Posted on Tuesday, May 22, 2007

Dr. Russell Martin, Westminster College associate professor of history, was recently awarded honorary membership in the Russian Imperial Union-Order (RIU-O), the oldest and most distinguished Russian émigré monarchist organization in the world.

"The RIU-O was founded in Paris by Russian exiles and has spent the last 79 years serving the legitimate heirs to the Russian throne encouraging and maintaining the best traditions and cultural expressions of pre-revolutionary Russia," Martin said. "George Fedorov, current chairman of the RIU-O, and the RIU-O Supreme Council bestowed this rare honor for my work over the years, especially my recent work on producing a translation of the Official Webpage of the Imperial House (www.imperialhouse.ru).

"I was touched by this honor, and was especially humbled when I learned that in its nearly 80 years, the RIU-O has given this honor only a handful of times," Martin said.

Martin recently gave a lecture at the Mercer County Medical Society's monthly meeting.

"The topic of my lecture was on the physical descriptions and physical examinations for health, fertility and virtue of prospective brides for Russian tsars in the 16th and 17th centuries," Martin said. "It seemed like a good topic to present to a gathering of doctors! I believe strongly that the ivory-tower' research of scholars has to be packaged in ways both interesting and accessible to the broader public."

"Events like this one help to make the sometimes arcane work of professors--and what can be more arcane' today than medieval Russia!?--a bit more available, and therefore valuable, to the public," he said.
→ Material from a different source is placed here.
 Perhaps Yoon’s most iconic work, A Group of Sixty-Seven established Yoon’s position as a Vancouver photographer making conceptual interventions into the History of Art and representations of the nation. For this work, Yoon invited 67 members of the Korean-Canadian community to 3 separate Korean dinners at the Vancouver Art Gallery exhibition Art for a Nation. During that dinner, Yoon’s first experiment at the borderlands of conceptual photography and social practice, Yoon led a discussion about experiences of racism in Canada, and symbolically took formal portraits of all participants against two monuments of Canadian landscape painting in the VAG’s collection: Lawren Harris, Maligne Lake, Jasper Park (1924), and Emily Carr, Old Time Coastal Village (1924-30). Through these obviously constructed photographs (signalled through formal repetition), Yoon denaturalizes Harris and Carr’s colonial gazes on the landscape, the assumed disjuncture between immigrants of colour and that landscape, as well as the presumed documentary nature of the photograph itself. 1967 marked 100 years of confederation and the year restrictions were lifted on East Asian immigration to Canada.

Historians more and more have to write and lecture not just for themselves, but for everyone, if we want society to benefit from our research."
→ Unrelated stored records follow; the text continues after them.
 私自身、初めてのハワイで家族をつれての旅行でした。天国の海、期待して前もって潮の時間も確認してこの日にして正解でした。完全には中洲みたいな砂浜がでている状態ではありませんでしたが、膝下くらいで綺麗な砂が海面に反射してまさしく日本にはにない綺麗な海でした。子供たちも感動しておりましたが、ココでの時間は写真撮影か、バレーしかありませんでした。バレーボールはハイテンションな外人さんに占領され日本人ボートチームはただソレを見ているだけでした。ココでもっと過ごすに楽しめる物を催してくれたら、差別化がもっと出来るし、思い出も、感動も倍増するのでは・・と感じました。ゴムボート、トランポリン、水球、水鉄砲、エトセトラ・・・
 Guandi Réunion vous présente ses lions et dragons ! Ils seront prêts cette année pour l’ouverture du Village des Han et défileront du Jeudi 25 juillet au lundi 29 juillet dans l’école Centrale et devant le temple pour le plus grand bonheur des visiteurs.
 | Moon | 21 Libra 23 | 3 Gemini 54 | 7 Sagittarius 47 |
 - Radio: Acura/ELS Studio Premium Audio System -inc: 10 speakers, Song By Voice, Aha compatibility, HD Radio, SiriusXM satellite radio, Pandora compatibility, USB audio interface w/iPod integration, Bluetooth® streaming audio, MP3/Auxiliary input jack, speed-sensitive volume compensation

Martin appeared on A&E Biography in a broadcast on Ivan the Terrible as an expert on the controversial ruler. He is the co-founder of the Muscovite Biographical Database, a Russian-American computerized register based in Moscow of early modern Russian notables. The Neville Island, Pa., native is not only fluent in Russian, but also reads Old Church Slavonic, French, German, Latin, and Polish.

Martin, who has been with Westminster College since 1996, earned his bachelor's degree from the University of Pittsburgh, and his master's and Ph.D. from Harvard University.